*** Data excerpt Section Begins ***

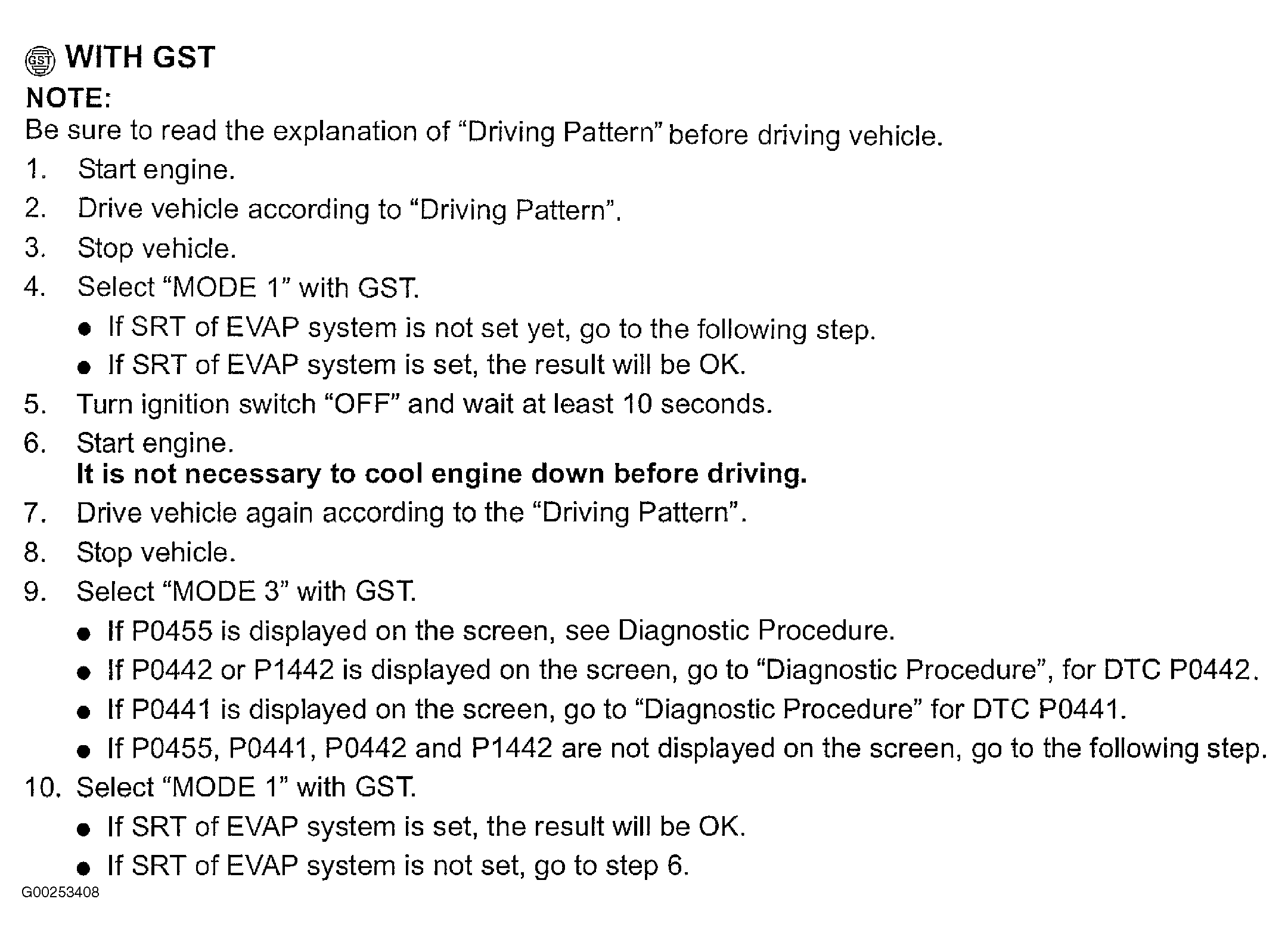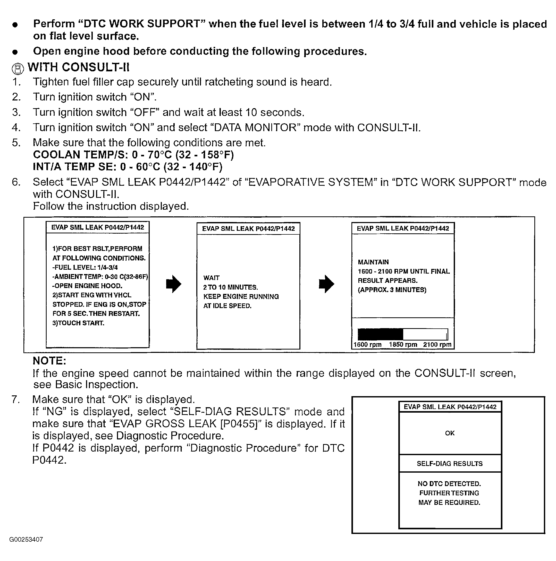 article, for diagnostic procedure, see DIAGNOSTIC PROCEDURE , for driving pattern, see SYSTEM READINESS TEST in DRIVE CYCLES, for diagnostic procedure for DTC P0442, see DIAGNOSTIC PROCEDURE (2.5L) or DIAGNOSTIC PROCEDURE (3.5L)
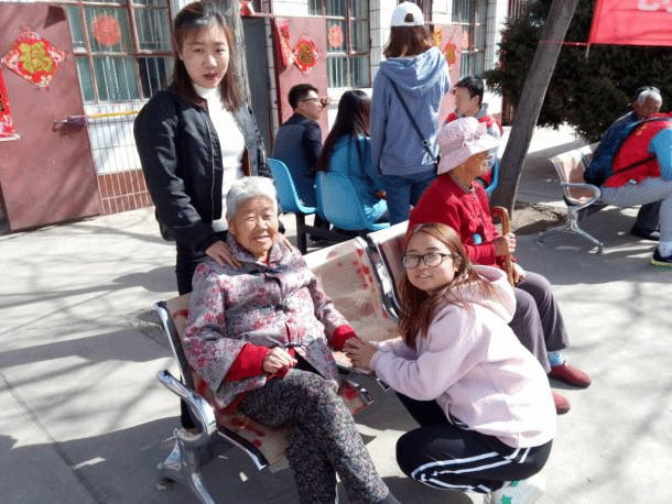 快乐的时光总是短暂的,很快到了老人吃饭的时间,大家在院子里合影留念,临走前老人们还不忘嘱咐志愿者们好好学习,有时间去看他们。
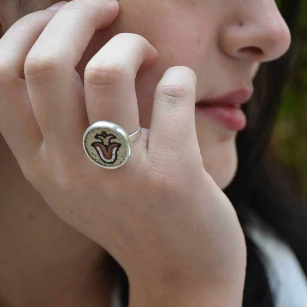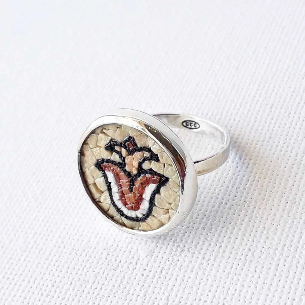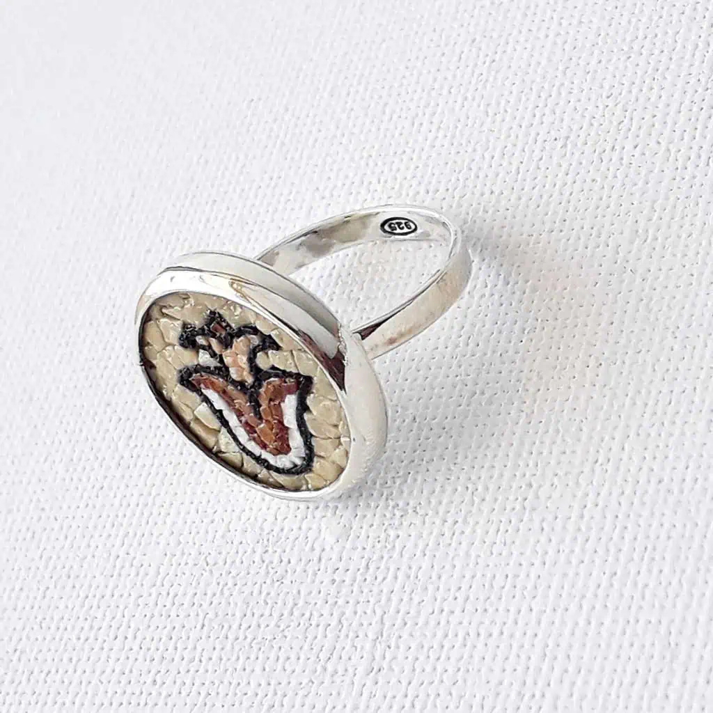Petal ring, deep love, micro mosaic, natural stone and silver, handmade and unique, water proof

*** Data excerpt Section Ends ***

§ Task description
The material shown above is to be repeated verbatim, and its pictures are to be omitted.

§ Answer
 article, for diagnostic procedure, see DIAGNOSTIC PROCEDURE , for driving pattern, see SYSTEM READINESS TEST in DRIVE CYCLES, for diagnostic procedure for DTC P0442, see DIAGNOSTIC PROCEDURE (2.5L) or DIAGNOSTIC PROCEDURE (3.5L)
 快乐的时光总是短暂的,很快到了老人吃饭的时间,大家在院子里合影留念,临走前老人们还不忘嘱咐志愿者们好好学习,有时间去看他们。
Petal ring, deep love, micro mosaic, natural stone and silver, handmade and unique, water proof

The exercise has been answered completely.